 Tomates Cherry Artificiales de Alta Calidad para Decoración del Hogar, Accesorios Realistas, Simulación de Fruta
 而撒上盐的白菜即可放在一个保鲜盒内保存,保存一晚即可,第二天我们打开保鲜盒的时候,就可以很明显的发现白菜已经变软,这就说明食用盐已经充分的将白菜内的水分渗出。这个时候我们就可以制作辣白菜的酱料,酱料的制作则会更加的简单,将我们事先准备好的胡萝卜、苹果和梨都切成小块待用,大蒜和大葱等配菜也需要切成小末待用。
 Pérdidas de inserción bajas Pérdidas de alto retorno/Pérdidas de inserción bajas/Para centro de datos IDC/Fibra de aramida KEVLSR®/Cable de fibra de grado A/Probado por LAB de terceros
******************************
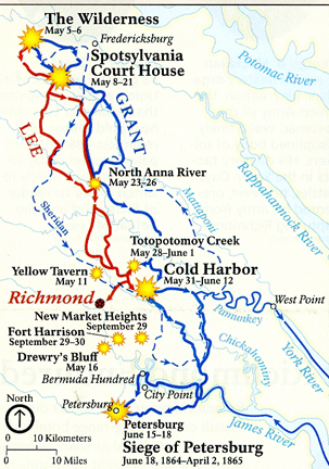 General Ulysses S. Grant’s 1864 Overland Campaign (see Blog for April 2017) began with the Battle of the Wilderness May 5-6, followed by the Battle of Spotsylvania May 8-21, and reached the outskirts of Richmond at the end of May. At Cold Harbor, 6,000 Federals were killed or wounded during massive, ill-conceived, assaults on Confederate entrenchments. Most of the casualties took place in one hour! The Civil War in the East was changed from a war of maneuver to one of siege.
******************************
**Work instruction:** From the records above, reproduce exactly the lines from the one with "Tomates Cherry Artificiales" to the one with "Pérdidas de inserción bajas Pérdidas", both included, and no others.

**Written solution:**
 Tomates Cherry Artificiales de Alta Calidad para Decoración del Hogar, Accesorios Realistas, Simulación de Fruta
 而撒上盐的白菜即可放在一个保鲜盒内保存,保存一晚即可,第二天我们打开保鲜盒的时候,就可以很明显的发现白菜已经变软,这就说明食用盐已经充分的将白菜内的水分渗出。这个时候我们就可以制作辣白菜的酱料,酱料的制作则会更加的简单,将我们事先准备好的胡萝卜、苹果和梨都切成小块待用,大蒜和大葱等配菜也需要切成小末待用。
 Pérdidas de inserción bajas Pérdidas de alto retorno/Pérdidas de inserción bajas/Para centro de datos IDC/Fibra de aramida KEVLSR®/Cable de fibra de grado A/Probado por LAB de terceros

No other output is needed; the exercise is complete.